▸ Exercise details
For this exercise, return all the data word for word, with images left out.

▸ Data below
--

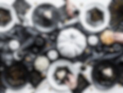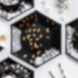 Dessa svarta papptallrikar är sexkantiga och pryds av glänsande guldfladdermöss som ger ett lyxigt och festligt uttryck. En perfekt detalj till halloween.
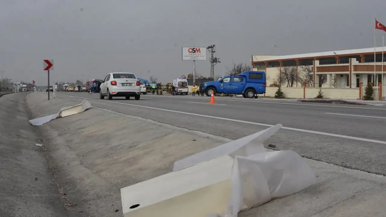 ÖNÜNDEKİ KAMYONETİN KASASINDAKİ PANOLAR YOLA FIRLADI
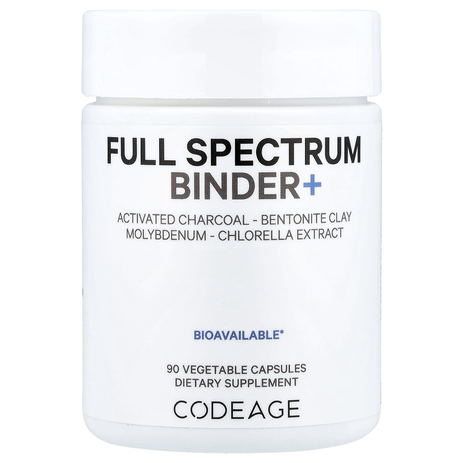 Activated Charcoal – Bentonite ClayMolybdenum – Chlorella ExtractBioavailableDietary SupplementFulvic & Humic AcidAlbion® MolybdenumProprietary BlendVeganNon-GMOSoy-FreeDairy-FreeGluten-FreecGMP Certified ManufacturingFeel DifferentCodeage Full Spectrum Binder+ supplement combines molybdenum, activated charcoal, and bentonite clay, enriched with fulvic and humic acids and organic extracts.

--

▸ Completed task
 Dessa svarta papptallrikar är sexkantiga och pryds av glänsande guldfladdermöss som ger ett lyxigt och festligt uttryck. En perfekt detalj till halloween.
 ÖNÜNDEKİ KAMYONETİN KASASINDAKİ PANOLAR YOLA FIRLADI
 Activated Charcoal – Bentonite ClayMolybdenum – Chlorella ExtractBioavailableDietary SupplementFulvic & Humic AcidAlbion® MolybdenumProprietary BlendVeganNon-GMOSoy-FreeDairy-FreeGluten-FreecGMP Certified ManufacturingFeel DifferentCodeage Full Spectrum Binder+ supplement combines molybdenum, activated charcoal, and bentonite clay, enriched with fulvic and humic acids and organic extracts.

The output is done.